Sebelius: HealthCare.gov Restriction Aimed to Avoid Glitches, Not Cause Them

Evan Vucci/AP

A last-minute change forcing ‘window shoppers’ to register contributed to the site’s disastrous launch, vendor says.

A late decision to force visitors to register with the government’s online health insurance marketplace before they could see insurance plan prices was aimed at avoiding glitches, Health and Human Services Secretary Kathleen Sebelius told lawmakers on Wednesday.

She linked that decision with several other services the government opted to “pare back” during the last weeks before HealthCare.gov’s Oct. 1 launch in an effort to not bog the site down with extra tools.

As things turned out, that decision probably contributed to the site’s terrible performance during its first weeks online, according to earlier testimony from Quality Software Services, or QSSI, the contractor that built the faulty registration system and is now leading a “tech surge” to bring HealthCare.gov into working order by Nov. 30.

That late change forced more people into the registration system than it could handle, exacerbating other glitches, QSSI’s Group Executive Vice President Andrew Slavitt said.

As a result of that glitch and others, less than 1 percent of insurance seekers completed enrollment in a plan through HealthCare.gov during its first weeks online. The site’s performance has improved since then, but a majority of insurance seekers still don’t appear to be completing enrollment. The White House has declined to release enrollment numbers, saying they’d be inaccurate and misleading at this point.

Republican lawmakers have charged the decision to disable anonymous shopping was a political dictate from the White House aimed at preventing Americans who didn’t want to purchase insurance through the new marketplaces from learning those plans’ true costs.

Sebelius denied that charge under questioning from the House Energy and Commerce Committee Wednesday.

She said the decision didn’t come from her or from the White House but from Centers for Medicare and Medicaid Services Director Marilyn Tavenner. CMS was the lead agency managing the building and launch of HealthCare.gov.

Sebelius began Wednesday’s testimony by acknowledging that “early access to HealthCare.gov has been a miserably frustrating experience for too many Americans.”

She also renewed a pledge made by Tavenner and White House officials that the site would be fully operational by Nov. 30th but noted it’s unlikely to be running at full capacity any sooner than that.

Sebelius acknowledged that the two weeks of end-to-end testing HealthCare.gov underwent were clearly inadequate, but disputed a claim by some Republican lawmakers that lead contractors on the project warned CMS that the lack of testing could prove disastrous.

Those claims were largely based on a Sept. 6 progress report from CGI Federal, the main vendor for the marketplace’s backend, which was provided to the House Oversight Committee and posted online late Tuesday.

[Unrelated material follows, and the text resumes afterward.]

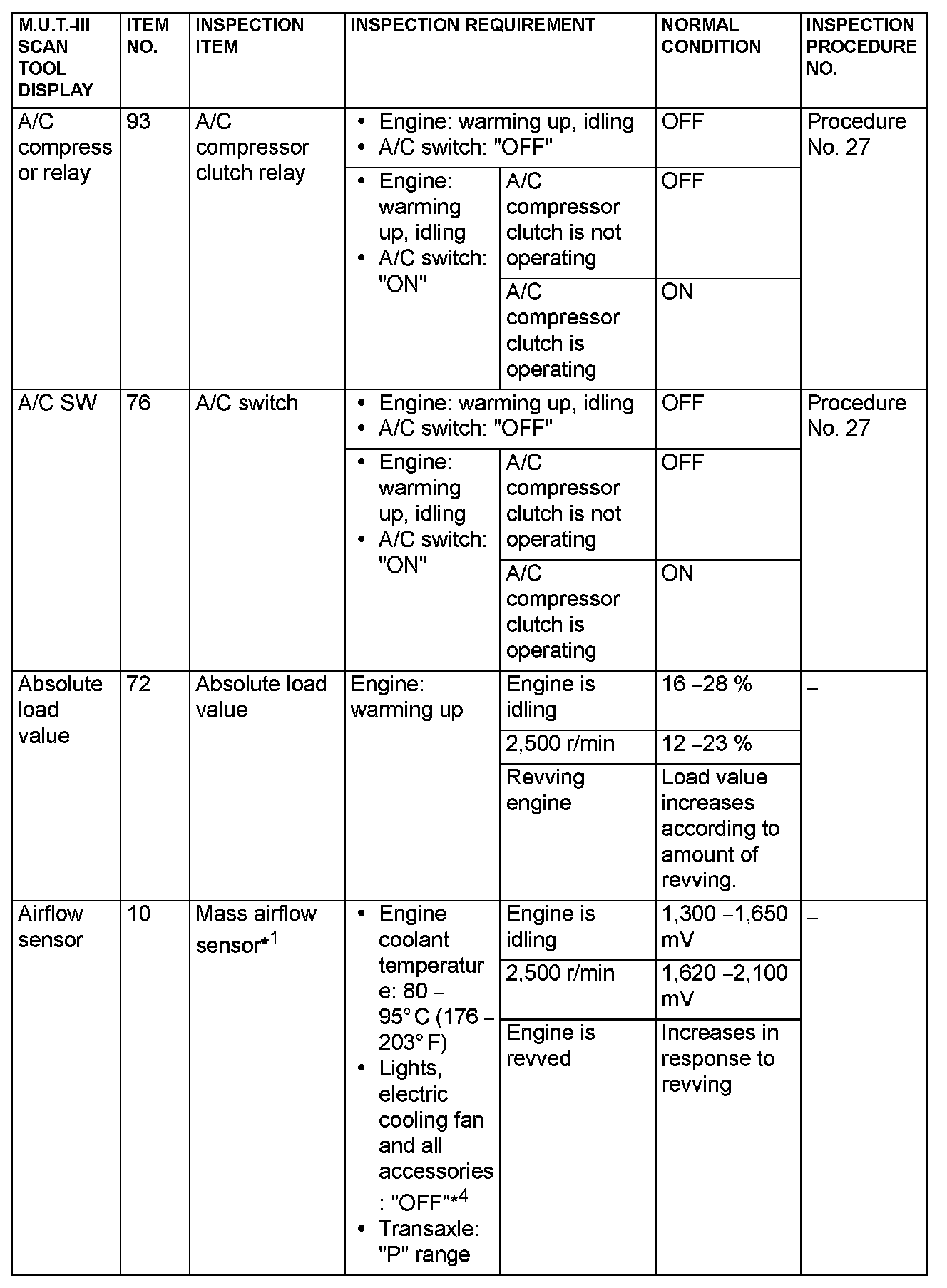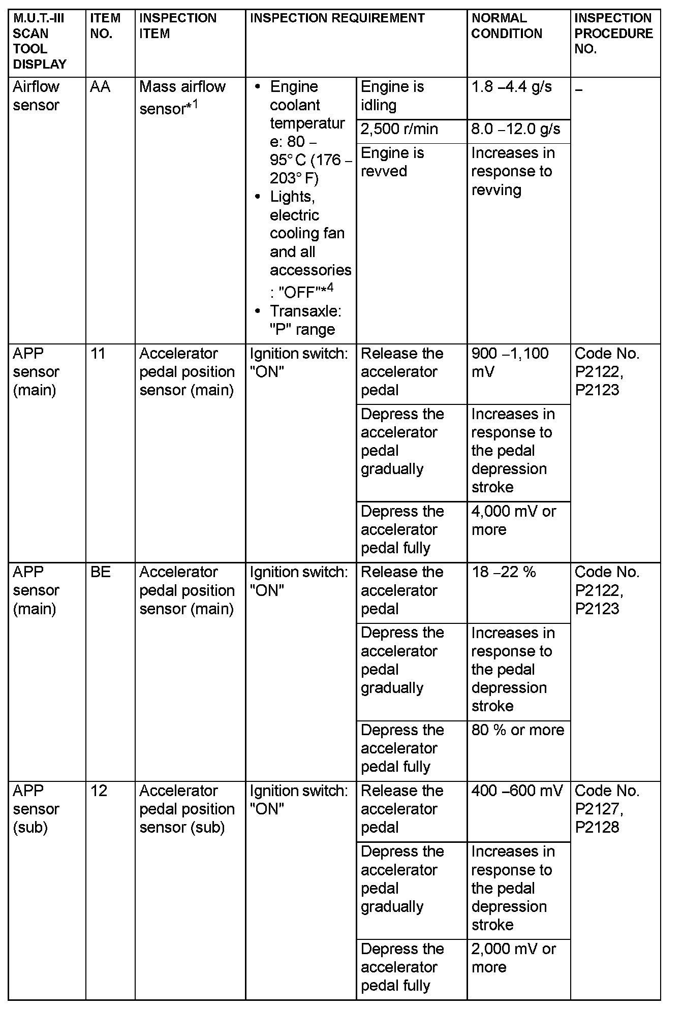 - *1: In a new vehicle [driven approximately 500 km (311 mile) or less], the mass airflow sensor output value is sometimes 10% higher than the standard value.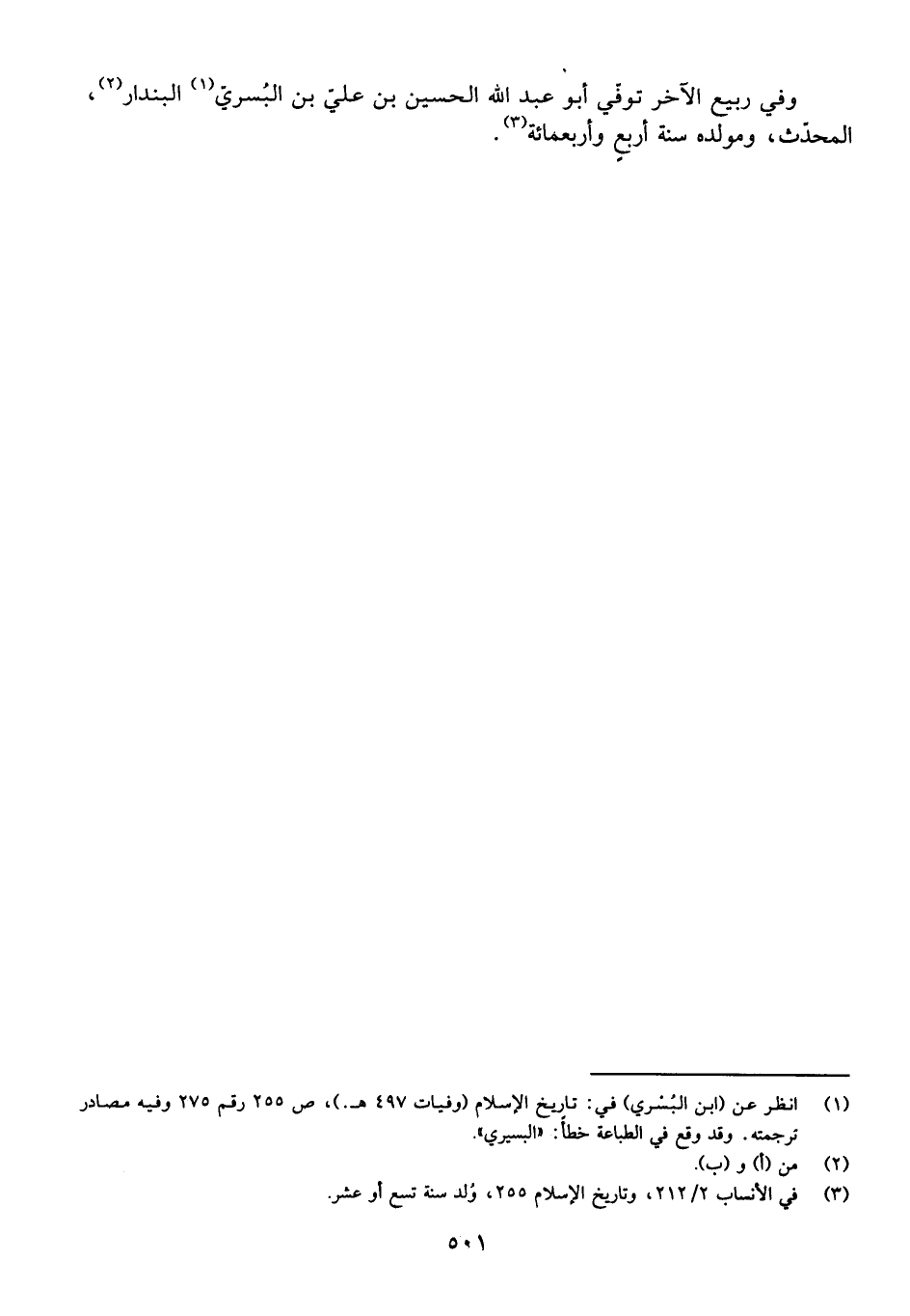 وَفِي رَبِيعٍ الْآخِرِ تُوُفِّيَ أَبُو عَبْدِ اللَّهِ الْحُسَيْنُ بْنُ عَلِيِّ بْنِ الْبُسْرِيِّ الْبُنْدَارُ، الْمُحَدِّثُ، وَمَوْلِدُهُ سَنَةَ أَرْبَعٍ وَأَرْبَعِمِائَةٍ.

The report noted that the period allotted for performance testing and other forms of testing was inadequate. Sebelius described that as contractors saying what they wanted, not what they needed.

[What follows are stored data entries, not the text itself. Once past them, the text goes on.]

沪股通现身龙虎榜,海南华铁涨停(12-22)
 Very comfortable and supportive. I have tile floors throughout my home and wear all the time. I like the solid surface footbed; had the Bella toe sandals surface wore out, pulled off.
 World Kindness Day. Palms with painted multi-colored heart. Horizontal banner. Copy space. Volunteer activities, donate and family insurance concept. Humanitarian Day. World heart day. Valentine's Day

“The contractors said we would have loved more testing time but ultimately we’re ready to go,” she said, adding “no one ever imagined the volume of issues and problems we’ve had and that we need to fix.”

CGI and QSSI testified last week that they did not recommend delaying the launch because they were only responsible for verifying that their own portions of the system were ready to run, not the end-to-end system, which was CMS’s responsibility.

Much of Wednesday’s hearing steered clear of HealthCare.gov’s technical problems and focused on a partisan dispute about whether the president’s health care reform plan had caused private insurers to cancel some plans.